Re: Nagios daemon crashing frequently (extensive logs attach

Posted: Wed Jan 15, 2014 10:40 am
by slansing
We're looking into this, what version of Nagios Core is this occurring on?

Re: Nagios daemon crashing frequently (extensive logs attach

Posted: Wed Jan 15, 2014 10:47 am
by stephan
Great thanks in advance! Yes sorry, forgot to mention. The Nagios Core version is 3.5.1.

Re: Nagios daemon crashing frequently (extensive logs attach

Posted: Wed Jan 15, 2014 11:15 am
by stephan
Also, the OS version is RHEL 6.4, Nconf version 1.3.0 and Merlin version 2.0.0.
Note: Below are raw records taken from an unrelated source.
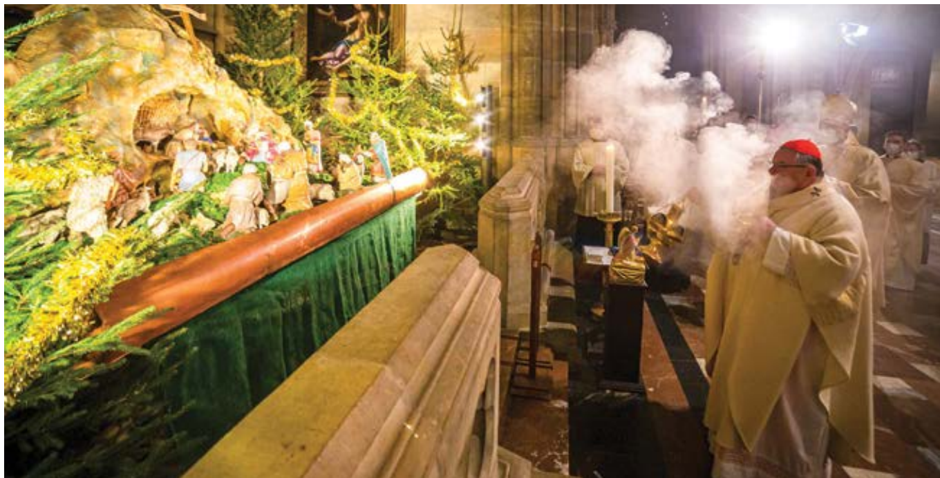
Dominik kardinál Duka OP.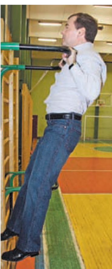
По нормативам россиянин 40–44 лет должен провисеть на перекладине не меньше 36 секунд

И: В новый комплекс вошли прыжок в длину с места, отжима-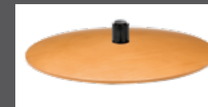
Holzsteller in mehreren Farben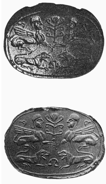
9. a und b. Stempelsiegel aus Genf (nach: M.L. VOLLENWEIDER, Catalogue raisonné des sceaux, cylindres et intailles , Bd. I, Genf 1967, S. 114, Nr 144).

tischen Orthostaten verbindet. Die letzten nahmen dagegen ohne Zweifel die hethitischen Darstellungen von Sphinxen zum Vorbild. Eine deutliche Ähnlichkeit den Sphinxen aus syrischen Stempelsiegeln im Vorderasiatischen Museum 29 mit den Sphinxen aus neohethitischen Siegeln, besonders im Bereich der mit den Vögelköpfen beendeten Schwänzen, ist höchstwahrscheinlich ein Erfolg der Entlehnung aus dem neohethitischen Verzierungsspektrum. Die Sphinxen aus älteren syrischen Zylindersiegeln haben nämlich nicht das charakteristische Element. 30

Re: Nagios daemon crashing frequently (extensive logs attach

Posted: Wed Jan 15, 2014 12:04 pm
by abrist
Do you have a nagios server, *not* using Merlin that is exhibiting this behavior?
Any chance that we can see a bit more verbose system message output? Like a few lines before and after those you tailed?

Re: Nagios daemon crashing frequently (extensive logs attach

Posted: Wed Jan 15, 2014 12:41 pm
by stephan
Hi Abrist, thanks for your reply. No unfortunately I do not have the same setup as a stand-alone server without Merlin.

We do have the exact same setup (incl. version numbers of all software) on two VMWare VM's, this is the test environment. These two VM's are clustered using Merlin as well. There we do not see this behavior, but the environment is completely different in: nagios configuration, usage, amount of hosts and services, load, nagios reloads (config changes) etc.

These are the last lines of the logs, so there is nothing below it. I can provide you with more log above it but it's not of the exact same crash and server. I'll tail 500 lines of nagios.debug, nagios.debug.old and nagios.log and post them somewhere. I wanted to to it here but I'm hitting the max characters of a post.

Re: Nagios daemon crashing frequently (extensive logs attach

Posted: Wed Jan 15, 2014 12:49 pm
by abrist
You can pm me the files to keep the logs off of public systems.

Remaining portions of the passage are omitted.